General Fund Budget Summary

This budget follows the directive of the City Council to provide balanced budgets and reflects a continual trend of improving revenues and controlled expenditure growth. Prior to 2005-06, the City had adopted budgets that were balanced with the use of reserves. This use of reserves was necessitated by rapidly increasing costs of providing public services that exceeded the growth of revenues.

A major factor in the increasing costs was increases in the contributions required for the employees retirement system. The increase in retirement costs is a problem faced by most cities across the state that are members of the California Public Employees Retirement System (CalPERS) and is due to three consecutive years of poor investment performance of the CalPERS portfolio. CalPERS has recently adopted an employer rate stabilization policy that smoothes out investment gains and losses over a longer period of time, and extends the amortization period for unfunded liabilities. The effect of these changes, which will take effect in 2006-2007, will be more stable contribution rates in the future. While the rates will stabilize, absent any further changes by CalPERS, they will remain at higher levels than in the past.

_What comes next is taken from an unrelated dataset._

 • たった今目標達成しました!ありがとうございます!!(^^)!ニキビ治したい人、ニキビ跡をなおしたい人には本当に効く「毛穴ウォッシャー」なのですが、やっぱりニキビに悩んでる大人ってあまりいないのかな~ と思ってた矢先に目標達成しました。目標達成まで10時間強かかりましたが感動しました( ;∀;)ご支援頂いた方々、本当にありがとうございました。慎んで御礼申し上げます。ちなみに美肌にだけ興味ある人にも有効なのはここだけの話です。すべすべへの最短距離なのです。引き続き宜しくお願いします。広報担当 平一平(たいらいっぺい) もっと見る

Fiscal year 2005-2006 is the second and final year in which the state will shift $1.1 million of property taxes away from the City. Proposition 1A, which was approved by 80% of the voters in November 2004, will prohibit this type of state takeaway in future years as well as provide other protection for local government revenues.

While the strong growth of many of the City's revenue sources have contributed to closing the budget gaps that persisted over the last several years, equally important was the City's ability to control its expenditures, especially in the area of personnel costs. As the growth of revenues is anticipated to slow in coming years as the housing market levels off, the ability of the City to continue to control expenditures will be a key for the City in balancing its budget in future years.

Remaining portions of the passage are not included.